Specialization and Books


In the writing world specialization translates to niche. In fact, one writers’ group I belong to just held a discussion in which writers were asked to identify their niche.

I find this bent toward specialization intriguing. I first became aware of it some years ago when my mom was in the hospital. She had one set of techs who pricked her to test her blood-sugar, another set who drew serious blood to run other tests, another one to give her breathing treatments, another to give her the prescribed medications, a different someone to serve her meals, and others to bathe her and to change her linen, still others to sweep and mop. There was a wound doctor and a primary care physician. Yet with all those specialists, none knew when Mom was reacting in a harmful way to one of the drugs—not until my sister and I mentioned the symptoms to the doctor.

Specialization has its benefits, certainly, but there are down sides too—a loss of communication being one.

I think that same thing might occur in the writing arena. In the effort to target an audience, we lose some who don’t know to look in a niche they do not necessarily identify with. Perhaps this communication problem is why so many books take on a dual tag: romantic suspense or adventure thriller or science fantasy.

Are the tags helpful? I don’t really know. I haven’t seen bookstores expanding their sections to include the new dual tags. Christian books, even in Christian book stores, have yet to be sorted into “sub genres.”

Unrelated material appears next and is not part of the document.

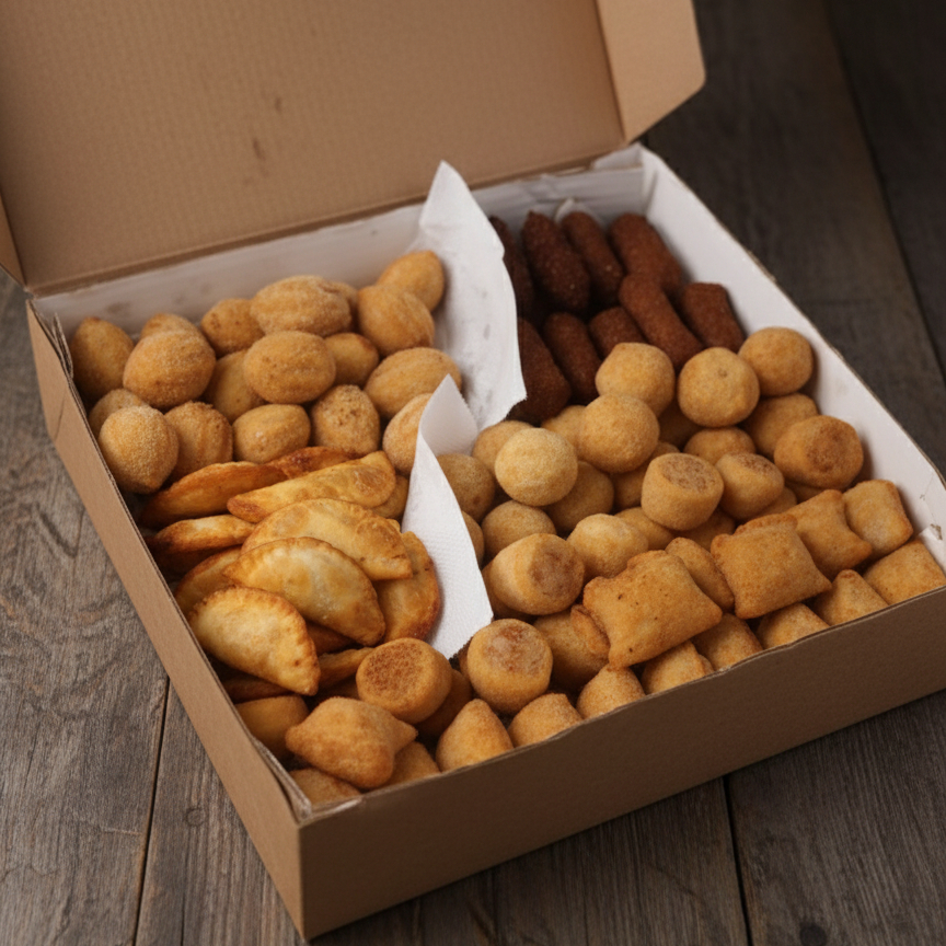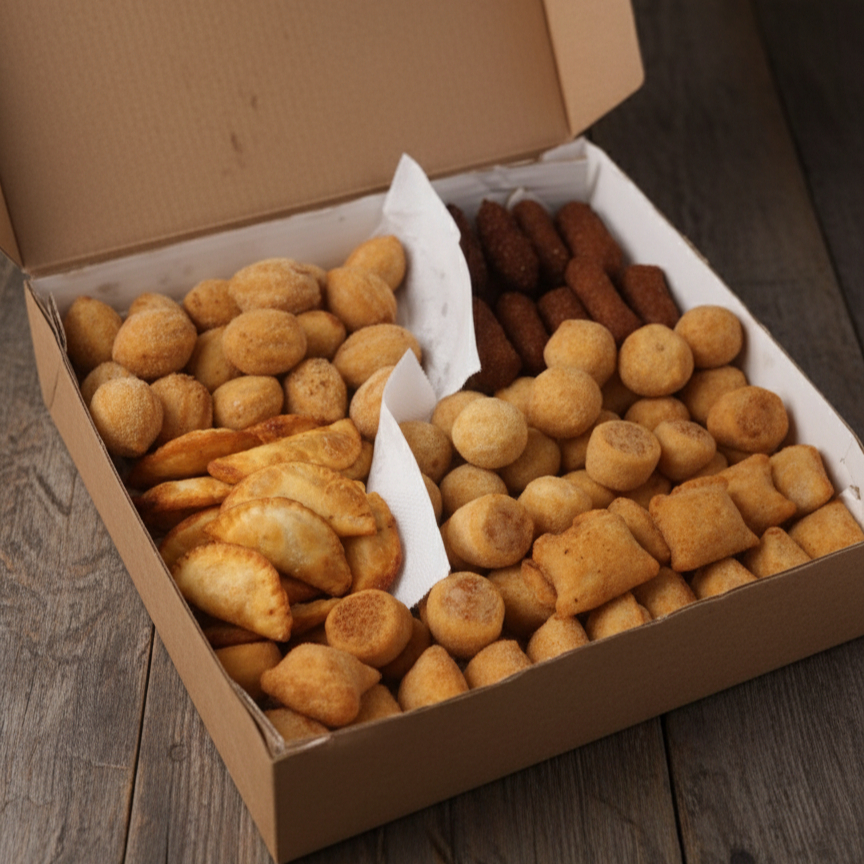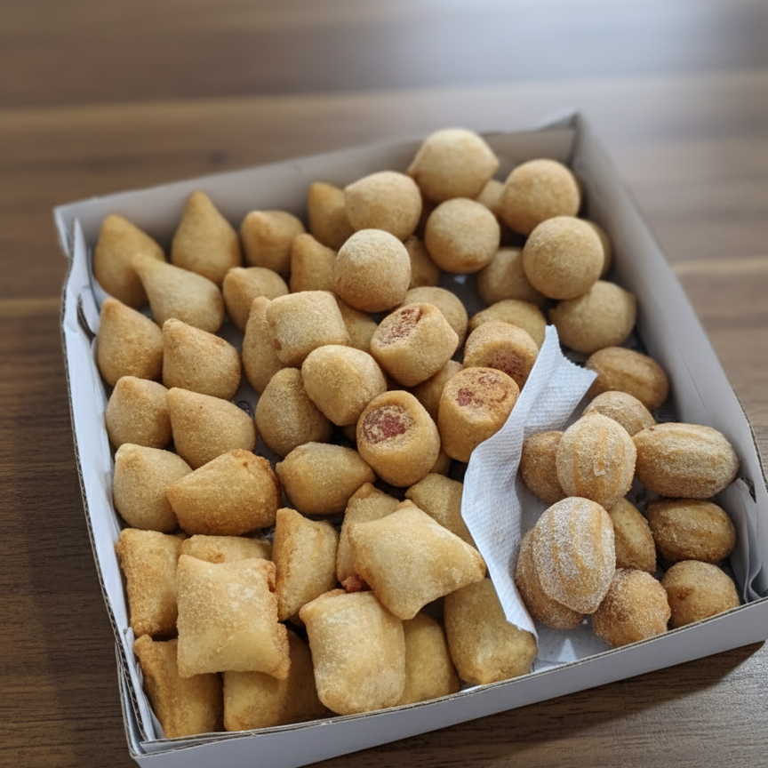 Kit Com 50 Deliciosos Salgados (Tamanho Festa). Escolha Até 5 Sabores, Temos: Coxinha De Frango, Risole De Queijo e Presunto, Kibes, Bolinhas De Calabresa, Churros, Enroladinho De Salsicha. Aproveite e Adicione Outro Kit Igual Com Descontão!
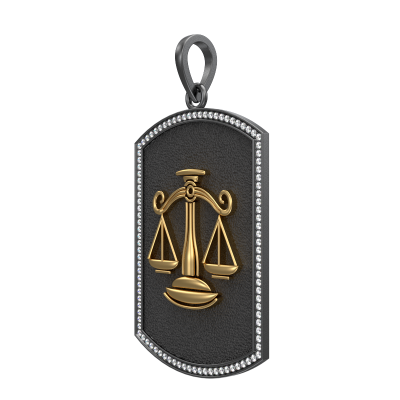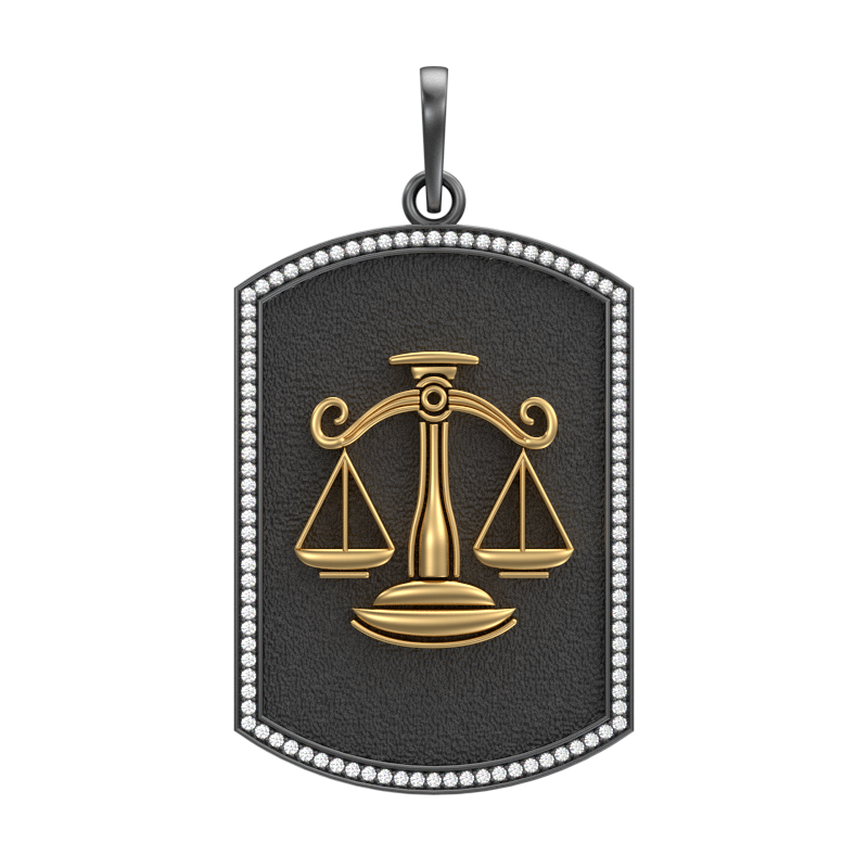 Libra Zodiac Luxe, Constellation Pendant with CZ Diamonds, 18kt Gold & Black Ruthenium Plating on Brass.

And I find the niche concept confining. I love fantasy, but I also read mystery, romance, even mom-lit, though I am not a mom. I don’t really fit as a niche reader.

So who’s targeting me? I can see it now—books for the eclectic reader. 😛 In parts, you’ll laugh and in other parts you’ll cry. Mostly you’ll be on the edge of your seat because of the tension and suspense, and when you finish, you’ll sigh because you’ll miss the character you’ve been spending these hours with.

Hmmm. I used to call those books just plain good ones.